At Venice, where his
father went to superintend the printing of the Amadigi (1560), these
influences continued. He found himself the pet and prodigy of a
distinguished literary circle. But Bernardo had suffered in his own
career so seriously from dependence on the Muses and the nobility
that he now determined on a lucrative profession for his son.

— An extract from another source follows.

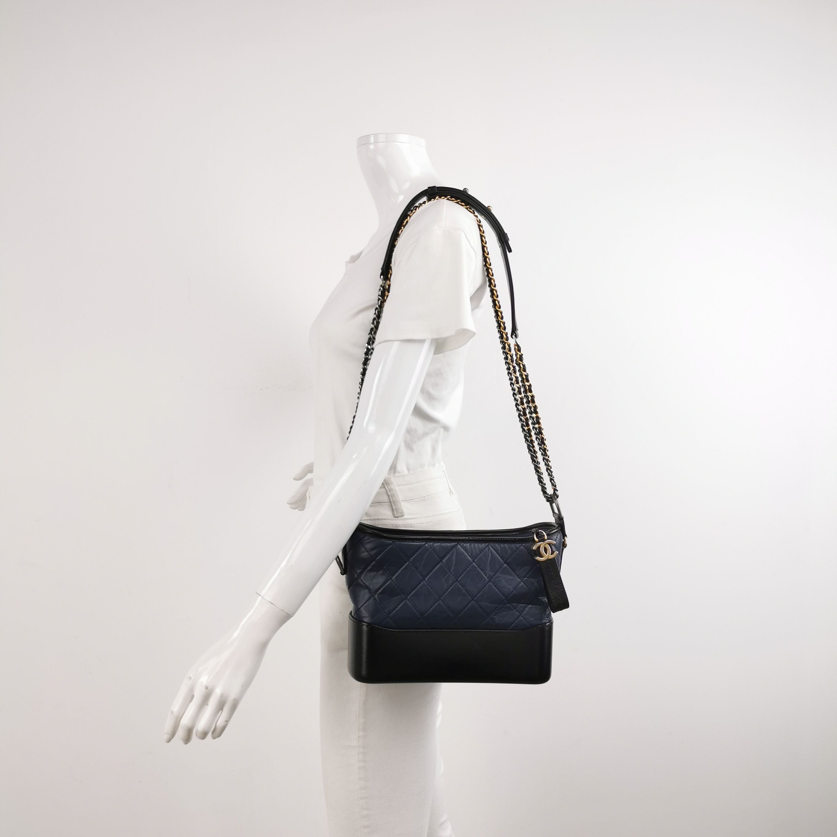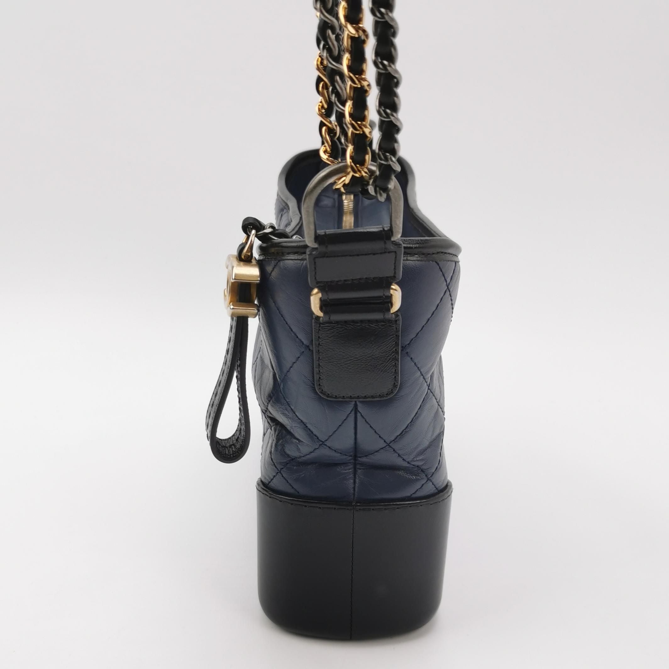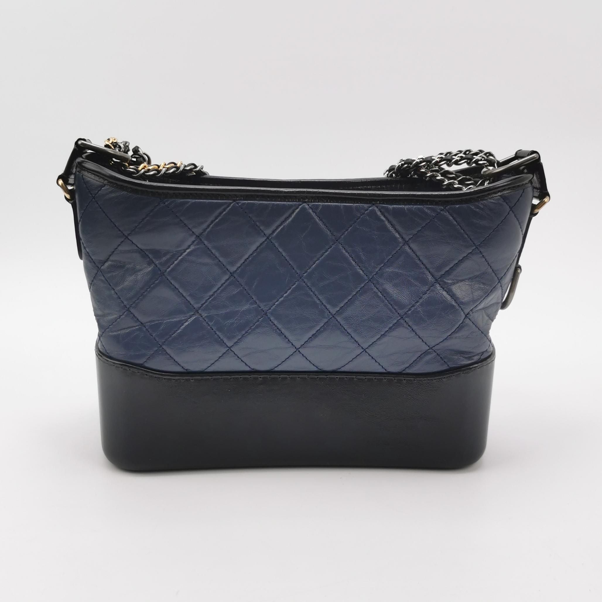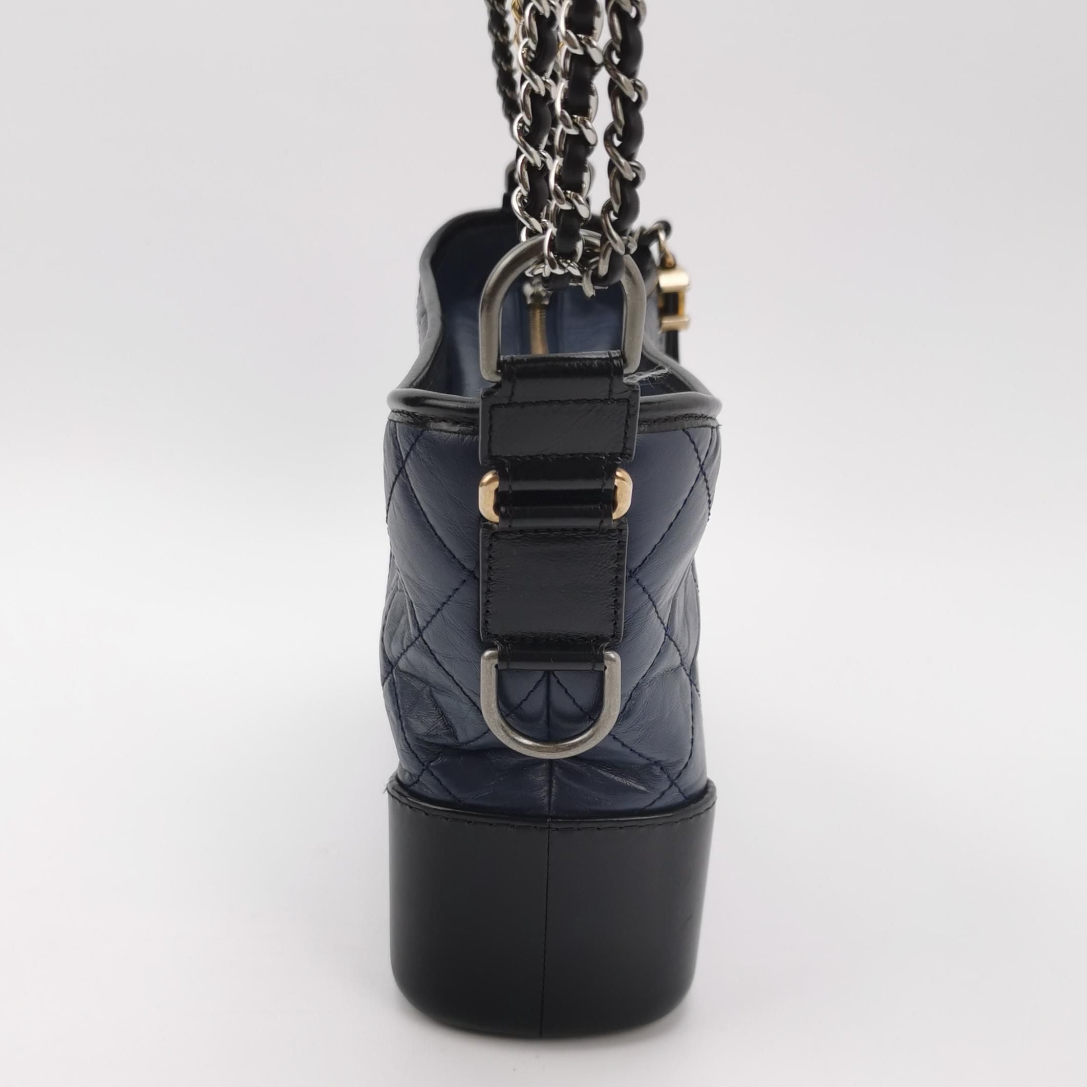 CONDITION Fair Good Very Good Great Excellent Pristine Condition Details Minor overall wear on the body, minor hardware wear, minor interior stains, moderate strap wear Serial Model • 29174933 Authentication • None OVERVIEW Exterior Color As Shown Exterior Material Waxed Leather Lining Color As Shown Lining Material As Shown Handle/Strap Color As Shown Handle/Strap Material Leather Hardware Color As Shown Closure Snap Pattern Quilted Size 24 x 18.5 x 8 cm The Preloved Chanel Gabrielle Hobo is a luxurious medium-sized crossbody bag crafted from exquisite waxed leather, featuring a quilted pattern and dual chain design. With dimensions of 24 x 18.5 x 8 cm, it offers ample space for your essentials. The bag is rated 9.5/10 for condition, indicating it has minor signs of wear such as slight overall wear on the body, minor hardware wear, minor interior stains, and moderate strap wear, but remains in excellent shape overall. This elegant accessory comes with an adjustable strap and an authenticity card, making it a timeless piece for any fashion-forward individual.

Torquato was sent to study law at Padua. Instead of
applying himself to law, the young man bestowed all his attention
upon philosophy and
poetry. Before the end of 1562, he had produced
a narrative poem called Rinaldo, which was meant to combine the
regularity of the Virgilian with the attractions of the romantic
epic.
In the attainment of this object, and in all the minor qualities of
style and handling, Rinaldo showed such marked originality that its
author was proclaimed the most promising poet of his time. The
flattered father allowed it to be printed; and, after a short
period of study at Bologna, he
consented to his sons entering the service of Cardinal Luigi
d'Este.
France and Ferrara
In 1565, Tasso for the first time set foot in that castle at Ferrara which was destined for him to be the scene of so many glories, and such cruel sufferings. After the publication of Rinaldo he had expressed his views upon the epic in some Discourses on the Art of Poetry, which committed him to a distinct theory and gained for him the additional celebrity of a philosophical critic. The age was nothing if not critical; but it may be esteemed a misfortune for the future author of the Gerusalemme that he should have started with pronounced opinions upon art. Essentially a poet of impulse and instinct, he was hampered in production by his own rules.The five years between 1565 and 1570 seem to have been
the happiest of Tasso's life, although his father's death in
1569 caused
his affectionate nature profound pain. Young, handsome,
accomplished in all the exercises of a well-bred gentleman,
accustomed to the society of the great and learned, illustrious by
his published works in verse and prose, he
became the idol of the most brilliant court in Italy. The
princesses Lucrezia
and Leonora
d'Este, both unmarried, both his seniors by about ten years,
took him under their protection. He was admitted to their
familiarity. He owed much to the constant kindness of both sisters.
In 1570 he
travelled to Paris with the
cardinal.
Frankness of speech and a certain habitual want
of tact caused a disagreement with his worldly patron. He left
France next year, and took service under Duke
Alfonso II of Ferrara. The most important events in Tasso's
biography during the following four years are the publication of
the Aminta
in 1573 and
the completion of the Gerusalemme
Liberata in 1574. The Aminta is a
pastoral drama of very simple plot, but of exquisite lyrical charm.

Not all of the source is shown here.